(Exercise directions) Below, find the line containing "Батюшка совершил праздничный" and the line containing "莎车县易地搬迁安置点康乐村村"; reproduce exactly those two and every line between them, omitting pictures.

********

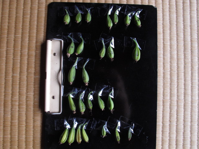すべて播くのではなく、稔性の確認のために交配したものもあります。割ってみて確認します。
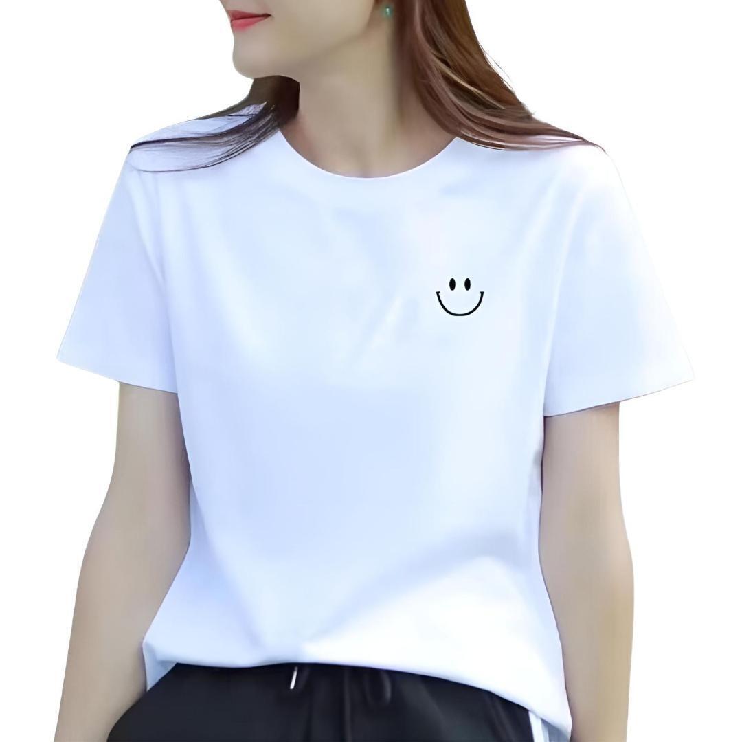 大人可愛い!主役Tシャツ シンプルなホワイトベースに、立体感のある可愛いプリントされた半袖Tシャツ。
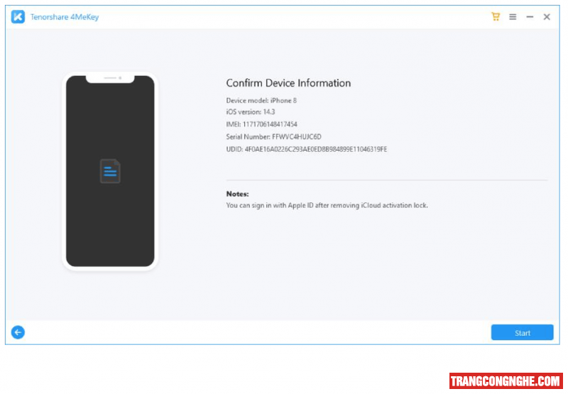 Sau khi bẻ khóa thành công sẽ xuất hiện cửa sổ hiển thị thông tin thiết bị. Và ở dưới cùng, bạn sẽ thấy tùy chọn bắt đầu xóa (Start). Sau khi bạn nhấp vào tùy chọn, quá trình mở khóa iCloud của iPad sẽ bắt đầu. Màn hình của bạn sẽ hiển thị tương tự như hình ảnh bên dưới.
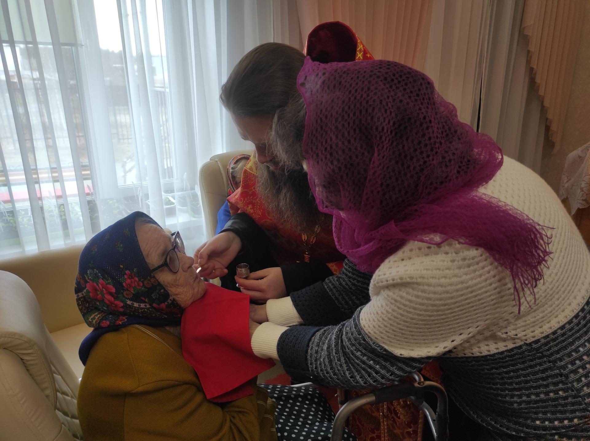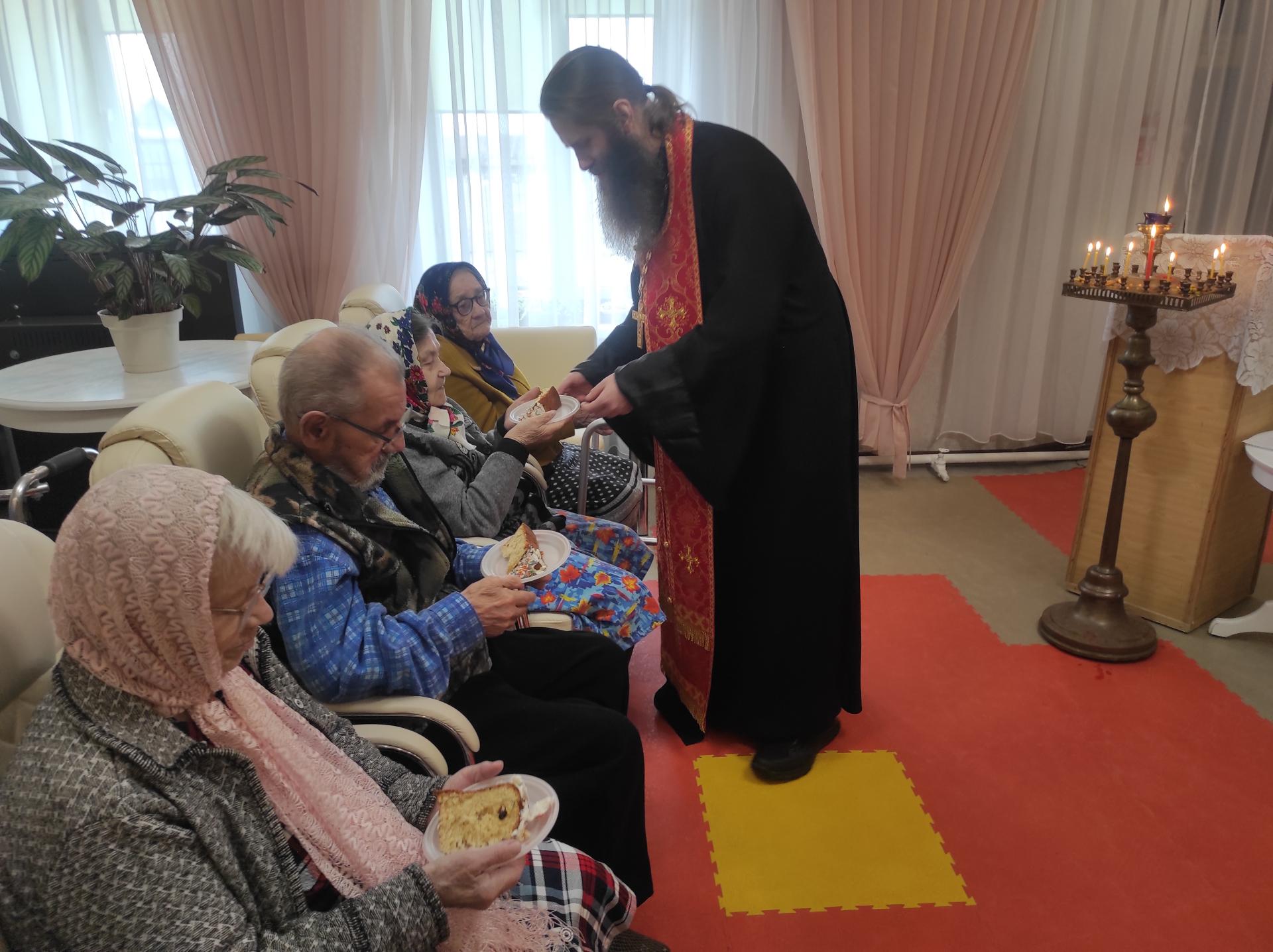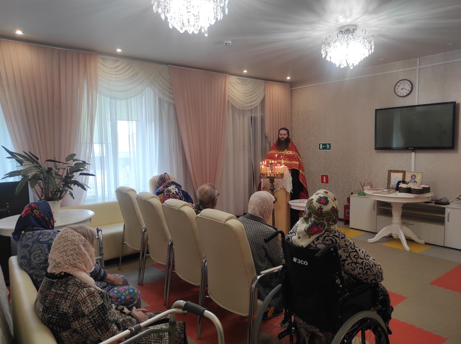 Батюшка совершил праздничный молебен, зачитал поздравительное послание Святейшего Патриарха Московского и всея Руси Кирилла, исповедал и причастил всех желающих. Не остались без внимания и те, кто по состоянию здоровья не смог присутствовать на общей молитве: Таинства Исповеди и Причастия священник совершил непосредственно в комнатах проживающих.
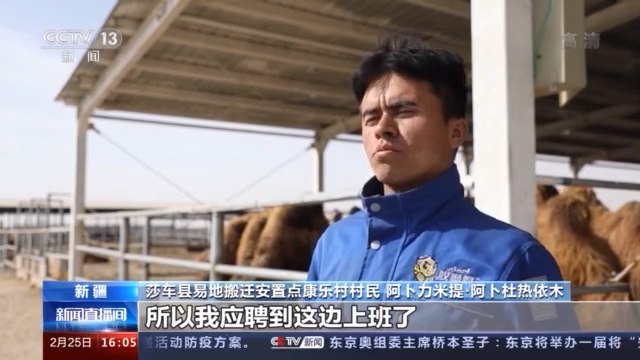 莎车县易地搬迁安置点康乐村村民 阿卜力米提·阿卜杜热依木:因为我也有一定的养殖技术,所以我应聘到这边上班了,一年能挣上四万左右。
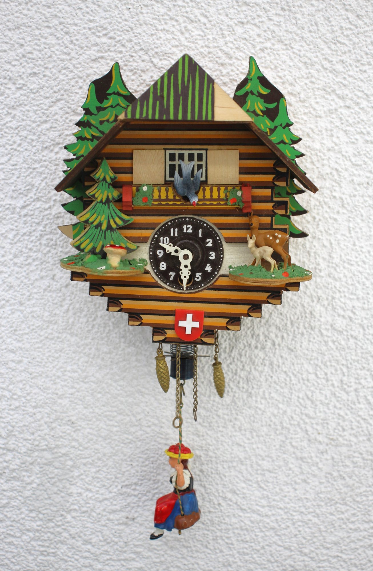 This delightful 6.5-inch Swiss chalet cuckoo clock captures the essence of Alpine craftsmanship with its hand-painted details and traditional Swiss design. The clock face is framed by a miniature log cabin, pine trees, and adorable forest animals, complete with a red Swiss cross emblem. A charming figurine of a girl in traditional attire swings below, adding movement and whimsy. This piece operates with a classic mechanical movement, visible through the back. Perfect for collectors or as a unique decorative accent, this miniature cuckoo clock brings a touch of Swiss charm to any space.
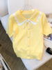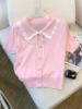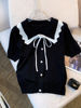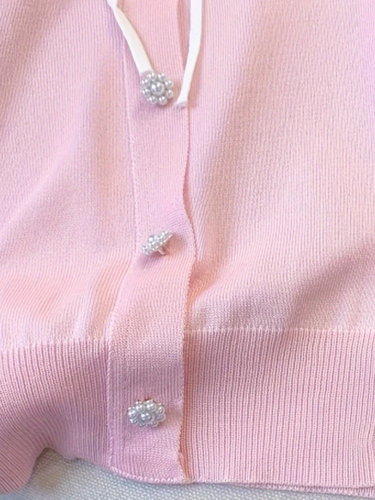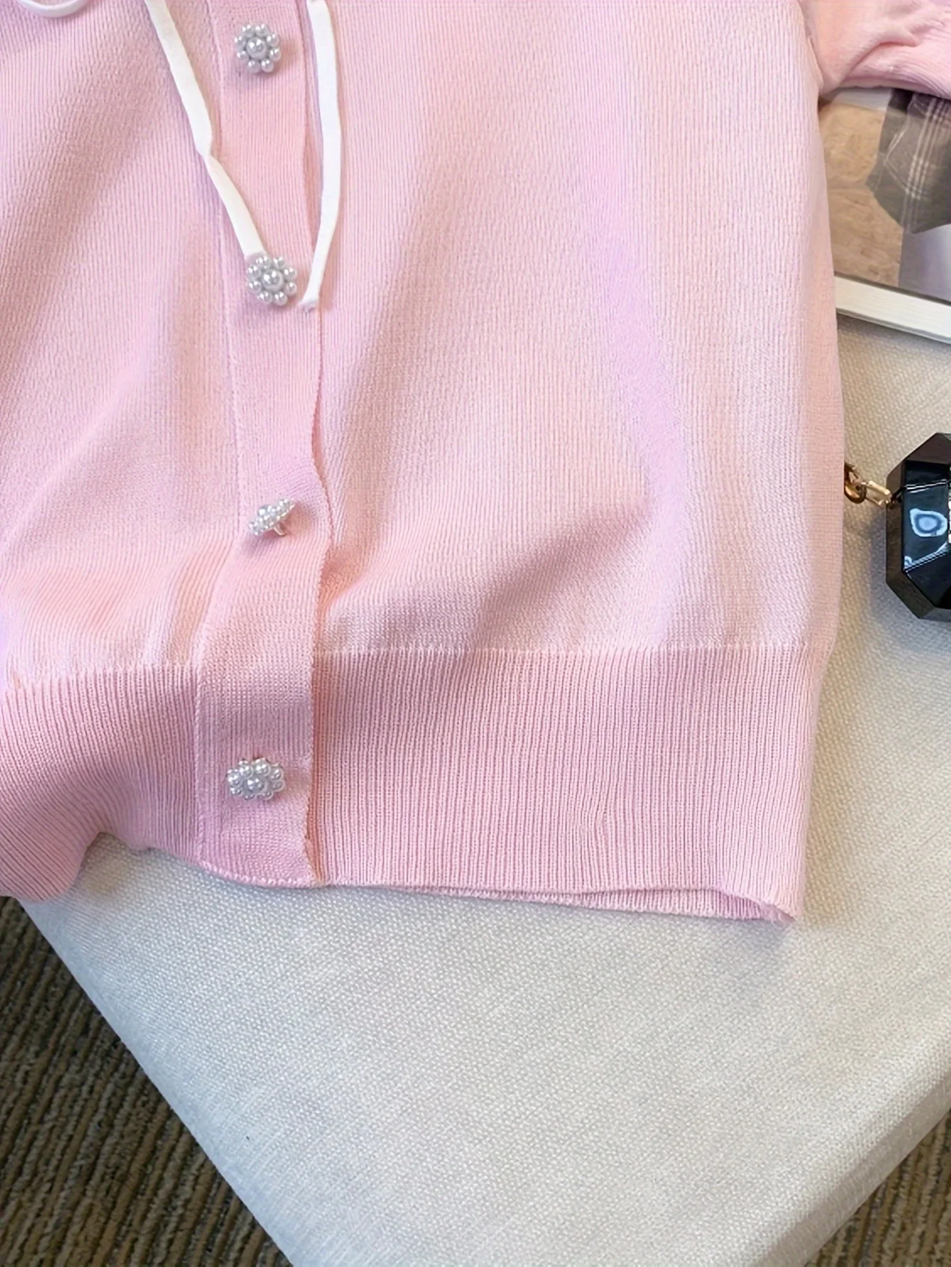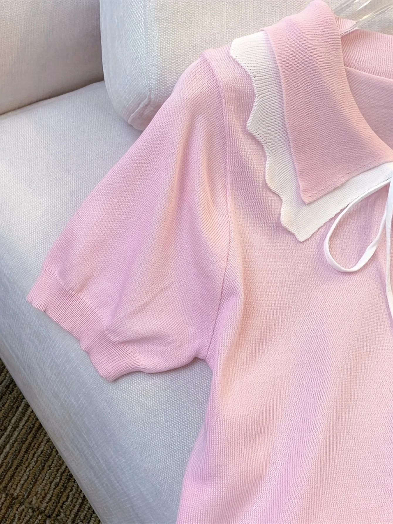 Elegant Short Sleeve Sweater with Lace Up Contrast Trim – Women’s Clothing

********

(Solution below)
 Батюшка совершил праздничный молебен, зачитал поздравительное послание Святейшего Патриарха Московского и всея Руси Кирилла, исповедал и причастил всех желающих. Не остались без внимания и те, кто по состоянию здоровья не смог присутствовать на общей молитве: Таинства Исповеди и Причастия священник совершил непосредственно в комнатах проживающих.
 莎车县易地搬迁安置点康乐村村民 阿卜力米提·阿卜杜热依木:因为我也有一定的养殖技术,所以我应聘到这边上班了,一年能挣上四万左右。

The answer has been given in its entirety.